Google Groups no longer supports new Usenet posts or subscriptions. Historical content remains viewable.
Dismiss

Can't print Chinese to HTTP

1,033 views
Skip to first unread message

Gnarlodious

unread,
Nov 30, 2009, 7:36:17 AM11/30/09
to pytho...@python.org
Hello.
The "upgrade to Python 3.1 has been disaster so far.

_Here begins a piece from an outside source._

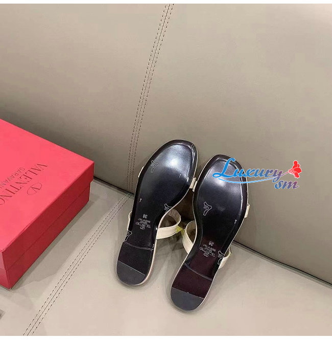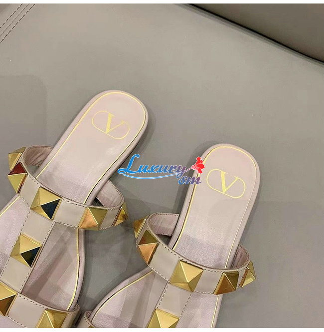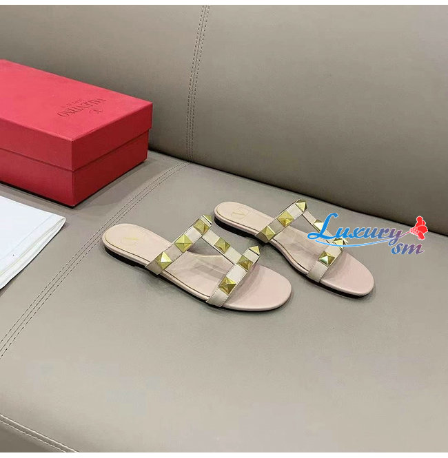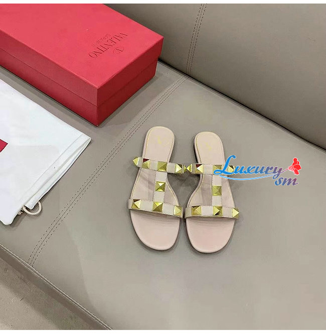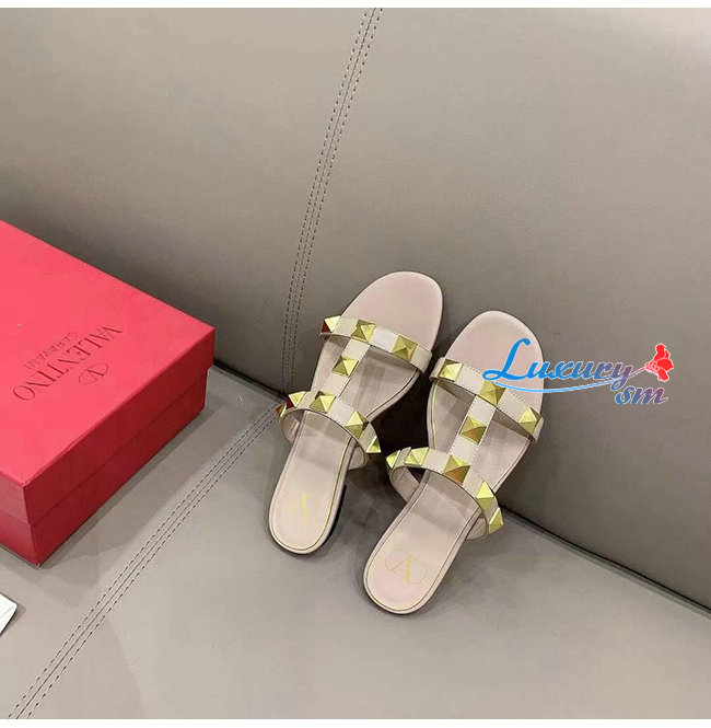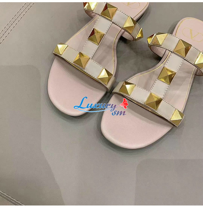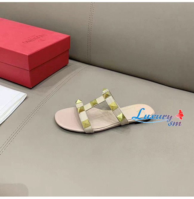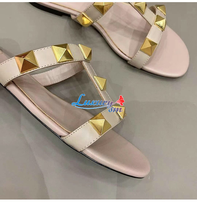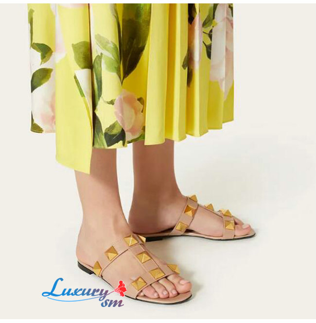 VALENTINO-VW0S0BU 발렌티노 로즈 송아지 가죽 ROMAN STUD 플랫 슬라이드 샌들 여성용
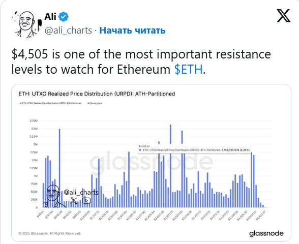According to crypto analyst Ali Martinez, $4505 remains a key level that could determine Ethereum’s short-term direction. He shared a price distribution chart from Glassnode, which shows a high concentration of addresses selling ETH in this range.

I can't figure out how to print Chinese to a browser. If my script is:

#!/usr/bin/python
print("Content-type:text/html\n\n")
print('晉')

the Chinese string simply does not print. It works in interactive Terminal no problem, and also works in Python 2.6 (which my server is still running) in 4 different browsers. What am I doing wrong? BTW searched Google for 2 days no solution, if this doesn't get solved soon I will have to roll back to 2.6.

Thanks for any clue.

-- Gnarlie
http://Gnarlodious.com


"Martin v. Löwis"

unread,
Nov 30, 2009, 7:53:13 AM11/30/09
to

In the CGI case, Python cannot figure out what encoding to use for
output, so it raises an exception. This exception should show up in
the error log of your web server, please check.

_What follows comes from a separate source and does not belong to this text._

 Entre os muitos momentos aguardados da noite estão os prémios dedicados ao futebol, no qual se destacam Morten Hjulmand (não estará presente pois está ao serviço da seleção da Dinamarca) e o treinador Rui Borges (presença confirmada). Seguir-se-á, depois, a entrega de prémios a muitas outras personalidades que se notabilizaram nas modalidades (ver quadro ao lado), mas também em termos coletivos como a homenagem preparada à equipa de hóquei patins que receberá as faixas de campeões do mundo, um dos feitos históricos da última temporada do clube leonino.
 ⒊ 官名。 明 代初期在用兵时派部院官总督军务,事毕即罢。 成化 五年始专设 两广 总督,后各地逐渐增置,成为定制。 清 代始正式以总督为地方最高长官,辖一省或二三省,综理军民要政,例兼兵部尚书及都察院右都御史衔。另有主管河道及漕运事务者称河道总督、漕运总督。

One way of working around this problem is to encode the output
explicitly:

#!/usr/bin/python
print("Content-type:text/plain;charset=utf-8\n\n")
sys.stdout.buffer.write('晉\n'.encode("utf-8"))

FWIW, the Content-type in your example is wrong in two ways:
what you produce is not HTML, and the charset parameter is
missing.

Regards,
Martin

Gnarlodious

unread,
Nov 30, 2009, 12:05:16 PM11/30/09
to
Thanks for the help, but it doesn't work. All I get is an error like:

UnicodeEncodeError: 'ascii' codec can't encode character '\\u0107' in
position 0: ordinal not in range(128)

It does work in Terminal interactively, after I import the sys module.
But my script doesn't act the same. Here is my entire script:

#!/usr/bin/python
print("Content-type:text/plain;charset=utf-8\n\n")

import sys


sys.stdout.buffer.write('晉\n'.encode("utf-8"))

All I get is the despised "Internal Server Error" with Console
reporting:

malformed header from script. Bad header=\xe6\x99\x89

Strangely, if I run the script in Terminal it acts as expected.

This is OSX 10.6 2,, Python 3.1.1.
And it is frustrating because my entire website is hung up on this one
line I have been working on for 5 days.

-- Gnarlie
http://Gnarlodious.com

Aahz

unread,
Nov 30, 2009, 1:10:25 PM11/30/09
to
In article <e60da505-ac24-4307...@1g2000vbm.googlegroups.com>,

Gnarlodious <gnarl...@gmail.com> wrote:
>
>Thanks for the help, but it doesn't work. All I get is an error like:
>
>UnicodeEncodeError: 'ascii' codec can't encode character '\\u0107' in
>position 0: ordinal not in range(128)

No time to give you more info, but you probably need to change the
encoding of sys.stdout.
--
Aahz (aa...@pythoncraft.com) <*> http://www.pythoncraft.com/

The best way to get information on Usenet is not to ask a question, but
to post the wrong information.

Lie Ryan

unread,
Nov 30, 2009, 1:32:27 PM11/30/09
to
On 12/1/2009 4:05 AM, Gnarlodious wrote:
> Thanks for the help, but it doesn't work. All I get is an error like:
>
> UnicodeEncodeError: 'ascii' codec can't encode character '\\u0107' in
> position 0: ordinal not in range(128)

The error says it all; you're trying to encode the chinese character
using 'ascii' codec.

> malformed header from script. Bad header=\xe6\x99\x89

Hmmm... strange. The \xe6\x99\x89 happens to coincide with UTF-8
representation of 晉. Why is your content becoming a header?

> #!/usr/bin/python
do you know what python version, exactly, that gets called by this
hashbang? You mentioned that you're using python 3, but I'm not sure
that this hashbang will invoke python3 (unless Mac OSX has made a
progress above other linux distros and made python 3 the default python).

> Strangely, if I run the script in Terminal it acts as expected.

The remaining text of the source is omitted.